Optimism and cynicism rub shoulders at launch of Northern Ireland's revamped police service

The 44 police recruits stood to attention in unseasonably warm Belfast sunshine yesterday, bearing on their backs not just neat new uniforms but a formidable weight of history.

They carried, too, the hopes that a new beginning is really on the cards for policing in Northern Ireland. They are the first of the recruits to the new Police Service of Northern Ireland (PSNI), replacing the Royal Ulster Constabulary.

An exchange of flags symbolised the fresh start at a graduation ceremony in east Belfast. The new service's standard was presented and dedicated at the ceremony, while the old RUC standard was handed over for safe keeping at a Belfast cathedral.

The group of 44 is split half-and-half in terms of Protestants and Catholics, since they represented the first tranche of more than 300 new officers – recruited on a 50-50 basis. The RUC was always a Protestant force: the idea is to build up the Catholic component in the PSNI as quickly as possible.

That is a sensitive issue, as are so many things about the new arrangements. For example, yesterday senior officers of the PSNI wore black armbands because of the death of the Queen Mother but the recruits did not. It was just one of a host of details that, though considered with great care, did not entirely manage to avoid controversy.

The main address was given by the former Chief Constable, Sir Ronnie Flanagan, who invited Garda Commissioner Pat Byrne to say a few words. Commissioner Byrne duly obliged, expressing to the recruits best wishes from "your sister service on this island".

The fact that he spoke was criticised by Unionist politicians who said it offended sensitivities, one claiming the occasion had been "hijacked" by the southern policeman.

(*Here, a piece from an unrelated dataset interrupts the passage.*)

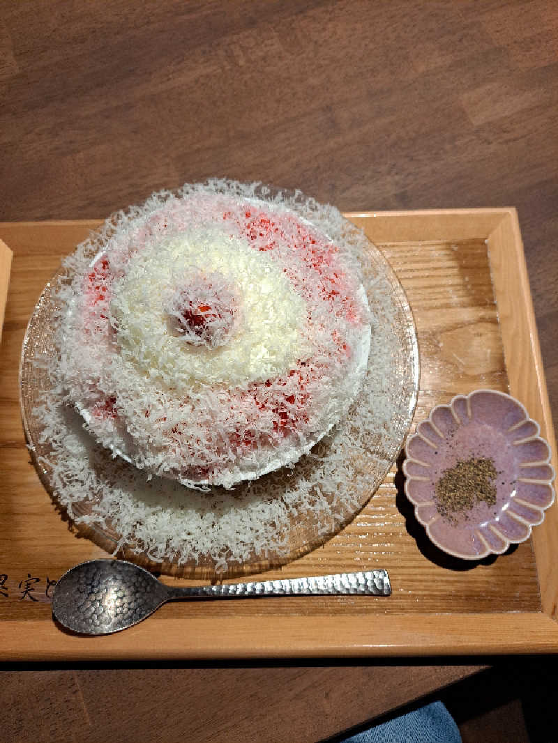 チーズがトローっとハムもタップリ! お腹いっぱいご馳走さまでした🥰 デザートにかき氷🍧
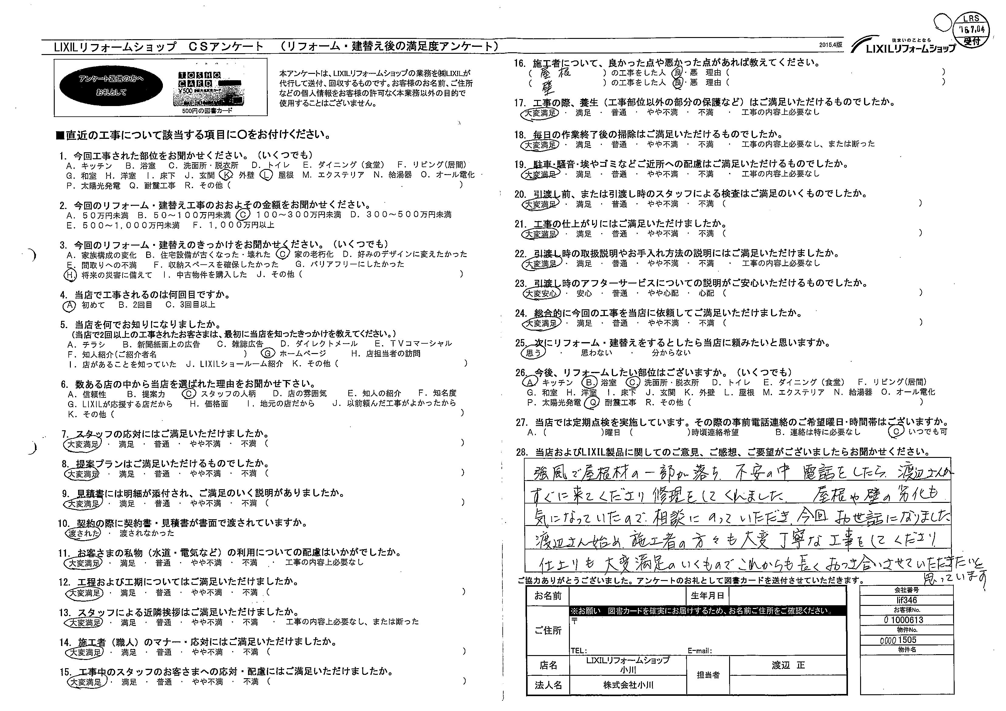 担当の渡辺さんを始め、施工者の方々にも丁寧な対応と工事をしていただき、仕上がりも大変満足のいくものでした。

In another unprecedented move, the ceremony was attended by an official representative of the Catholic church, auxiliary bishop Anthony Farquhar, together with a local parish priest. The church always treated the RUC with reserve but approves of the newly-launched service.

Nationalist politicians from the Social Democratic and Labour party were there, too, in their capacity as members of the new Policing Board that will oversee the work of the service.

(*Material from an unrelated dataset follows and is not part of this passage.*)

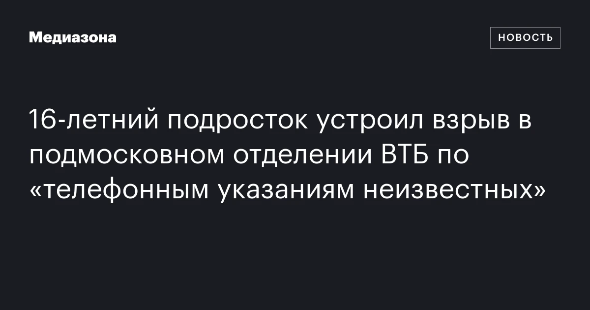 Взрыв в отделении ВТБ: юный поджигатель или жертва манипуляций?
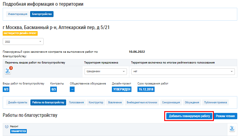 Рис. 4. Вкладка «Работы по благоустройству». Кнопка «Добавить планируемую работу»

But Sinn Fein was missing, because its members say they will boycott the board until much more far-reaching reforms are enacted. The party claims that new recruits may well be Catholics but are not actually nationalists.

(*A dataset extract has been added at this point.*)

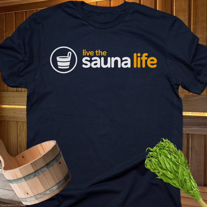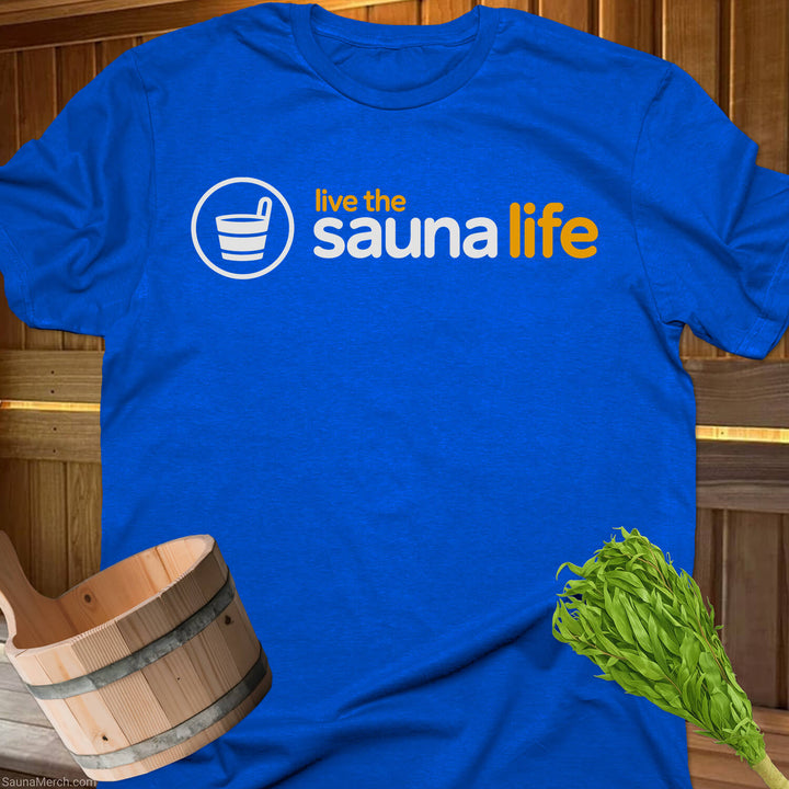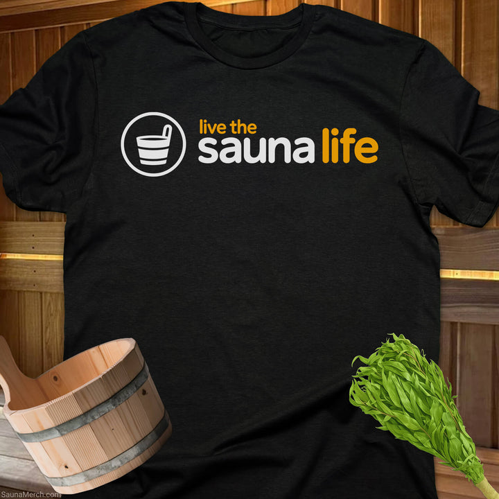 Bring the heat wherever you go with this sauna-themed t-shirt featuring Live The Sauna Life, perfect for anyone who believes their best self emerges somewhere between the steam, löyly, and good vibes.

The 44 recruits looked full of pride yesterday. The squad, whose members are aged between 18 and 36, includes 31 women. After more training, which will include firearms instruction, they will go on to the streets in August.

A foreign journalist was surprised by the military trappings. The recruits marched round a parade ground swinging their white-gloved hands, then stood stiffly to attention. Then – at ease – they were inspected by senior officers.

They responded to commands shouted by a sergeant-major-style figure while, in the background, the police band sent mixed musical messages, combining martial airs with tunes such as "Downtown" and "Moon River."

After the ceremony, the recruits flung their hats in the air in the traditional way: even that gesture had been the object of discussion, the authorities deciding in the end to leave it to the new officers themselves. The other recruits, who have yet to graduate, applauded their colleagues enthusiastically, exuding esprit de corps.

The sense of innovation was emphasised by Sir Ronnie Flanagan, who declared: "This is a chance for a new beginning and it is a chance for the public to get behind the police – the public from all traditions, all backgrounds, all cultures."

Acting Chief Constable Colin Cramphorn told the recruits: "You, and those who follow you, will contribute towards a substantial realignment in our staff profile so that we more truly represent the communities we endeavour to serve."

Policing remains an area beset by controversies old and new, ranging from long-standing but unresolved issues such as the 1989 death of the lawyer Pat Finucane to more recent disputes such as the 1998 Omagh bomb and the break-in at Special Branch in Castlereagh, on 17 March.

Within the nationalist community, the debate will continue on whether the Catholic church and the SDLP are correct in their policy of participation, or whether Sinn Fein is right in remaining aloof.

In the 19th century, recurring outbreaks of communal violence in Belfast were generally followed by changes in policing, the authorities invariably concluding that the forces of those days were part of the problem rather than part of the solution.

All the changes never did manage to provide forces with a religious and political balance in their make-up, or which were widely acceptable across the two communities.

Some will pessimistically argue that history is destined to repeat itself, and the PSNI will not manage to pull off the feat of becoming a mixed force, policing a community that is so deeply divided.

Others will say the problem has never been tackled with such determination and with such comprehensive reform and that, this time, history need not repeat itself.